To be bent on something, say the dictionaries, is to be resolute, extremely determined, characterized by firmness, and unshakeable.

Am I bent upon living for God? It is a good question as this new year begins.

And I think I will leave this post at that, just with that question. I do want to live a good life, a moral life, a life of concern for others. But am I, at this moment in time, utterly bent upon living for God? 

I will spend time today prayerfully pondering. Jesus is with me, and He is mercy, so I shall not fear my own answer.

Jesus is with me, and I am not afraid to look.




Painting: Richard Edward Miller, in US public domain due to age

Tuesday, December 30, 2014

Snapshots from a Backwards Blogger

"The Cloistered Heart," I wrote in 1996, "is prayer, a way of life, an experience. It is a heart learning to love God, a will vacillating between yielding to God and struggling against Him, it is encounter, it is poem....  I would like to tell you about this enclosure, this heart monasticism which has truly changed my life; yet I hope you will understand when I say I cannot tell you.  I can only show you 'snapshots' from my own journey into a cloister which I have found to be so beautiful that I never want to leave it again...." (from book The Cloistered Heart, Preface)

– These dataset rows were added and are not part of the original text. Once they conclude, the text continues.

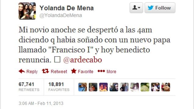 According to a tweet sent out by Yolanda De Mena of Madrid on the morning of February 11th, her boyfriend Alejandro Rodriguez woke her up very early that same day and told her he had just had a dream about a new Pope named Francisco I.
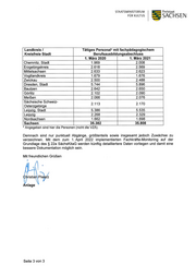 STAATSMlNlSTERlUM FÜR KULTUS ~ SACHSEN Landkreis/ Tätiges Personal* mit fachpädagogischem Kreisfreie Stadt Berufsausbildungsabschluss 1. März 2020 1. März 2021 Chemnitz, Stadt 1.969 2.008 Erzgebirgskreis 2.618 2.569 Mittelsachsen 2.633 2.623 Vogtland kreis 1.679 1.676 Zwickau 2.500 2.488 Dresden, Stadt 5.744 5.896 Bautzen 2.642 2.650 Görlitz 2.102 2.090 Meißen 2.066 2.076 Sächsische Schweiz- 2.113 2.170 Osterzgebirge LeipziQ, Stadt 5.386 5.535 LeipziQ 2.268 2.329 Nordsachsen 1.662 1.698 Sachsen 35.382 .. 35.808 * Angegeben sind hier die Personen (nicht die VZA) . Demnach sind nur punktuell Abgänge, größtenteils sowie insgesamt jedoch Zuwächse zu verzeichnen . Mit dem zum 1. April 2022 implementierten Fachkräfte-Monitoring auf der Grundlage des § 22a SächsKitaG werden künftig detailliertere Daten vorliegen und damit eine bessere Dokumentation möglich sein. Mit freundlichen Grüßen lf4~ Anlage Seite 3 von 3
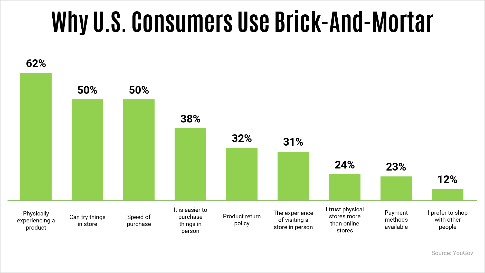Even with the high growth of online shopping during last year, consumers still want to shop in-store. The top reasons people shop in brick-and-mortar include physically experiencing products (62%), trying things in store (53%), and the speed of purchase (45%).
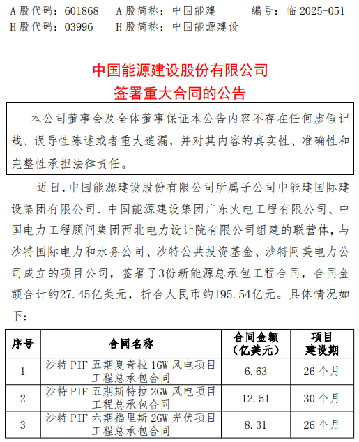 同日,中國能建所屬聯營體亦斬獲大單,與由沙特國際電力和水務公司、沙特公共投資基金(PIF)、沙特阿美電力公司共同成立的項目公司,簽署了3份新能源總承包工程合同,總金額高達27.45億美元(約合195.54億元人民幣)。這批項目包括總裝機3GW的兩個大型風電項目和總裝機2GW的一個大型光伏項目,建設週期在26至30個月之間。
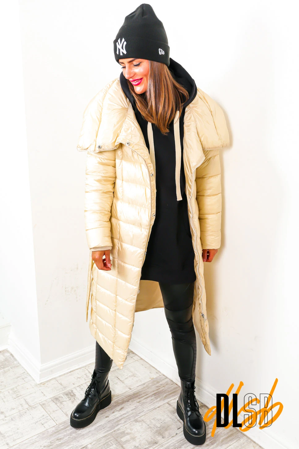 We are obsessing over this cream coat, perfect for that new season wardrobe. It will take you from autumn all the way through winter! Featuring a funnel neck, snap buttons with additional zip, and a waist tie to cinch, you need this staple product in your life. Pop over any autumn outfit with chunky boots for that iconic autumn-winter look.
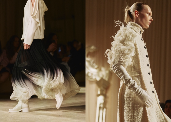 本季高定系列以「英国乡村」和「苏格兰高地」作为灵感,因此能发现自然色系贯穿了场地设计,与温柔的米白、象牙白、棕色、绿色、深黑等自然色调为基底色的服装,像是森林、雾气、沼泽地的延伸那般,呈现秋冬服装的静谧与细腻。
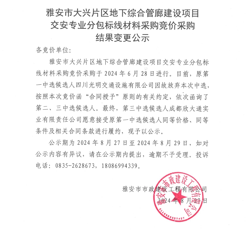 雅安市大興片區(qū)地下綜合管廊建設(shè)項(xiàng)目交安專業(yè)分包標(biāo)線材料采購(gòu)競(jìng)價(jià)采購(gòu)結(jié)果變更公示

Thus it began. Or at least, thus began the preface, written to introduce a book that was taken from my 1993 magazine article that was taken from my journals begun in 1985. In other words, journal entries (i.e. "snapshots") were condensed into an article that was then expanded into a book that, years later, became the basis for a blog which you are now (heroically, since you've made it through this paragraph) reading.

Have I confused you yet? If not, just wait a minute. All our heads will be swimming if we manage to hang in there for this whole post.

The thing is: I blog backwards. Most people seem more likely to "journal" into a blog, then (maybe) a few of them organize some of the content into a book, in time. I've done the exact opposite. I journaled in quiet prayer, or while I rode with my husband in his boat, or when I awoke in the middle of the night. How such random, deeply personal thoughts made the trek from journals to magazine(s) to book(s) to becoming "organized" in a blog is a story in itself. In the meantime, I am growing as these concepts are arranged, here, more and more into categories.  I hope you find the organization (such as it is) helpful as well.

"Snapshots," however, are still being taken. I still indulge in an occasional journal ramble, a working-through-in-writing-scribble of how I can surrender to God in this situation, and that one. In other words; more personal things.

If you will indulge me, I'd like to share some fresh new "snapshots" right here once in awhile. After all, I've been practicing the "view through the grille" for such a long time now. Too bad I still struggle to see it clearly. I'd like to share some of the struggles, now and then.  Maybe once a week or so, in the midst of our regular posts?

As for photography itself, well - that has changed a lot since 1996, hasn't it?  It's all so instant now.  Perhaps cloistered heart journaling could be a bit like that?

Let's see what a new batch of snapshots just might unfold.